--- WHAT NEEDS TO BE DONE ---
Your task is to repeat all of the data exactly while excluding the pictures.

--- COLLECTED DATA ---
◇ ◇ ◇ ◇

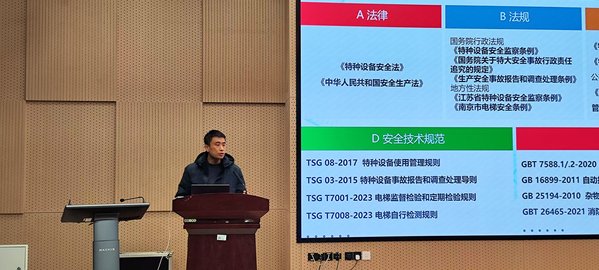 徐立兵代表江北新区市场监督管理局发表讲话,他指出特种设备安全规范管理对于学校和新区的发展都至关重要,要落实安全主体责任,提升管理水平和风险防范意识,为高质量发展筑牢安全防线。南京市锅炉压力容器检验研究院曹明和南京市特种设备安全监督检验研究院肖昀分别就压力容器和电梯等特种设备安全使用管理进行了培训,并深入解读了相关法律法规以及安全标准,指导参会人员如何依法依规落实特种设备管理责任。
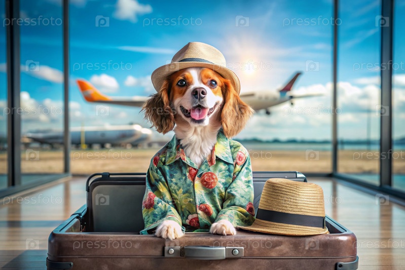 Стильный щенок в путешествии, очаровательная забавная собака в гавайской рубашке и шляпе, сидящая в открытом чемодане
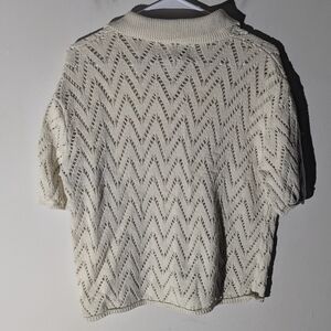 Cream knit button-up cardigan with a zigzag pattern. Short sleeves and a classic collar.
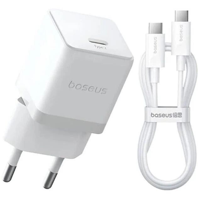 Мережевий зарядний пристрій Baseus Palm Fast Charger Type-C 20W + Cable Type-C to Type-C P10111602213-01 White

◇ ◇ ◇ ◇

--- RESULT FOR THIS EXERCISE ---
 徐立兵代表江北新区市场监督管理局发表讲话,他指出特种设备安全规范管理对于学校和新区的发展都至关重要,要落实安全主体责任,提升管理水平和风险防范意识,为高质量发展筑牢安全防线。南京市锅炉压力容器检验研究院曹明和南京市特种设备安全监督检验研究院肖昀分别就压力容器和电梯等特种设备安全使用管理进行了培训,并深入解读了相关法律法规以及安全标准,指导参会人员如何依法依规落实特种设备管理责任。
 Стильный щенок в путешествии, очаровательная забавная собака в гавайской рубашке и шляпе, сидящая в открытом чемодане
 Cream knit button-up cardigan with a zigzag pattern. Short sleeves and a classic collar.
 Мережевий зарядний пристрій Baseus Palm Fast Charger Type-C 20W + Cable Type-C to Type-C P10111602213-01 White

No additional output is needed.